Jon | 346 comments Mod
SFWA announced the finalists for the 2020 Nebula Awards last month. The awards will be presented on June 5th, 2021, during a virtual ceremony.

Novel
Piranesi - Susanna Clarke
The City We Became - N.K. Jemisin
Mexican Gothic - Silvia Moreno-Garcia
The Midnight Bargain - C.L. Polk
Black Sun - Rebecca Roanhorse
Network Effect - Martha Wells

Additional categories include Novella, Novelette, Short Story, Game Writing, Ray Bradbury Award and Andre Norton Award.

I have no interest in picking up Piranesi or Mexican Gothic although I'd read Mexican Gothic if it wins. I think The Midnight Bargain is the third book in a series so I won't be picking that up anytime soon. Black Sun is sitting on my shelf waiting to be read, pretty excited to get to that one. I liked The City We Became but Network Effect is easily my fav so far and would get my vote.

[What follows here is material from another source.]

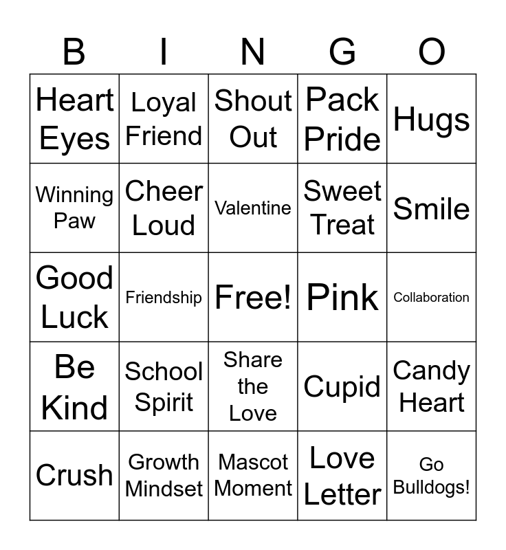 This bingo card has a free space and 47 words: Bulldog Pride, Go Bulldogs!, Paw Power, Mascot Moment, School Spirit, Bulldog Heart, Loyal Friend, Teamwork, Winning Paw, Bulldog Strong, Cheer Loud, Pack Pride, Candy Heart, Cupid, Roses, Chocolate, Valentine, Pink, Red, Hugs, Friendship, Love Letter, Heart Eyes, Sweet Treat, Compliment, Smile, Crush, Kind Note, Share the Love, Be Kind, Love Bug, Live Engaged, Integrity, Respectful, Resilience, Growth Mindset, Collaboration, Love Note, Love Song, Heartfelt, Smile Big, Shout Out, Good Luck, Happy Day, Awesome, Spread Joy and Teamwork.

message 25: by Banshee (new)

Banshee (bansheethecat) | 3 comments Jon wrote: "I think The Midnight Bargain is the third book in a series so I won't be picking that up anytime soon."

I think you might be confusing this book with Soulstar. The author published both books fairly close to each other and I saw both of them on the lists of eligible novels for this year's awards. The Midnight Bargain is a standalone.


message 26: by Jon (new)

Jon | 346 comments Mod
Banshee wrote: I think you might be confusing this book with Soulstar.

Yup, you're absolutely right. That's what I get for not double checking. I have a copy of Witchmark that I think I picked up in one of Tor.com's giveaways. I want to read it but I just haven't gotten to it.


message 27: by Jon (new)

Jon | 346 comments Mod
The Nebula Award winners for 2020 were announced last night.

Best Novel
Network Effect by Martha Wells

You can find the rest of the winners on the SFWA website.


message 28: by Nick (new)

Nick Imrie (nickimrie) | 339 comments Mod
I love this sentence from the description of the novel: Come for the pew-pew space battles, stay for the most relatable A.I. you’ll read this century.